İstanbul’da , prömiyerin yeni evinde organizasyon başarılı bir şekilde geçti. Son 12 yıldır hiç bu kadar izleyici sezon finalini izlememişti. Baslar güm güm vuruyordu. Salon kapkaranlık oldu. Sadece aşağıda ıspanak yeşili zemin üzerinde ışıkların dansı vardı. Birden salonda şu anons duyuldu:” Huzurlarınızda Petra Kvitova”. Ve çek oyuncu omuzunda çantası , seyircilerin alkışlarlarıyla korta girer.
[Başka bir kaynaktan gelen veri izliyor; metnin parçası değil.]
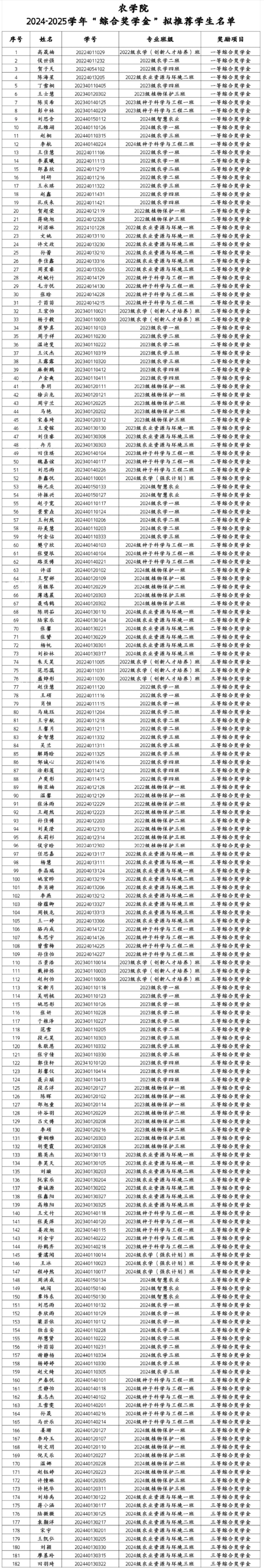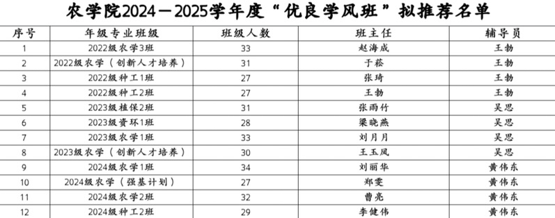 根据《黑龙江八一农垦大学本科生奖励办法》、《黑龙江八一农垦大学奖助学金评选及管理办法》、《黑龙江八一农垦大学本科生奖助学金评选及管理办法》、《黑龙江八一农垦大学研究生奖励暂行办法》的相关规定,拟推荐高晟楠等182名同学获得2024-2025学年“综合奖学金”,董濡闻等140名同学获得2024-2025学年度“三好学生”,2022级农学创新班等12个班级获得2024-2025学年度“优良学风班”等荣誉称号。现将名单向全院师生公示,后附名单。

Kortun dört bir yanındaki dev ekranlarda turnuvanın kahramının görüntüleri vardır , korttaki vuruşları , korta çıkmadan kenarda nasıl makyaj yaptığı  , gece kıyafetiyle nasıl poz verdiği... Daha sonra Kvitova’nın rakibi arenaya gelir. Hoparlörden “ Huzurlarınızda Avustralya’dan Samantha Stosur” anonsu yükselir. ve tekrar baslar güm güm vurur. Günlerden cumartesi , saat 15:00. Sinan Erdem Spor Salonu’nda WTA Championships’in ilk yarı finali. 4 günden beridir devam eden , ki bu sene ilk defa İstanbul’da yapılıyor , kadın oyuncuların en iyi sekizinin turnuvası bir Hit oluverdi. Her sabah göz kamaştırıcı parlaklığa sahip basın merkezinde oturan Medya Direktörü Pete Holtermann aktuel seyirci sayısını servis ediyor. Turnuvanın ilk günü  olan salı günü , seyirci sayısı 10.284. Son gün ise bu sayı 13.676 olacaktı.  Salon her gün dolu. Ortalama seyirci sayısı 11.000den fazla görünüyor. Bu kadar fazla seyirci bir sezon sonu turnuvasında 1999dan beri görülmemişti. O zaman turnuva New York’da Medison Square Garden’da oynanıyordu. Daha sonra bu turnuva sırasıyla Münih  ,Los Angeles , Madrid ve Doha’da oynanmıştı. WTA Doha’da kasasını doldurmuştu ama oyuncular boş sıralara oynamıştı. “Bir efsane yazılacak-A Legend will be written” sloganı İstanbul’da turnuva plaketlerine yazılmıştı. Bu plaketler otobüs duraklarına , otobanlara her yere asılmışlardı ve insanları Sinan Erdem Spor Salonu’na yönlendiriyorlardı. Sinan Erdem Spor Salonu’nun önünde kuyruklar vardı. Kadınların dünya şampiyonası İstanbul’da efsane mi olacak ,bunu zaman gösterecek. Bir başlangıç yapıldı. İnsan şunu sormadan edemiyor; yeni evinde Championships nasıl böyle bir çekim gücüne sahip oldu. Türkiye Tenis Federasyonu’na kayıtlı sadece 148 tenis kulübü ve yaklaşık 14.000 lisanslı oyuncu mevcut. En iyi kadın oyuncu Çağla Büyükakçay dünya sıralamasında 210. sırada. WTA finalinde yerel bir kahraman görmek Türklere ışık yılı uzaklıkta. Peki neden Wozniacki ve arkadaşlarına bu kadar ilgi vardı?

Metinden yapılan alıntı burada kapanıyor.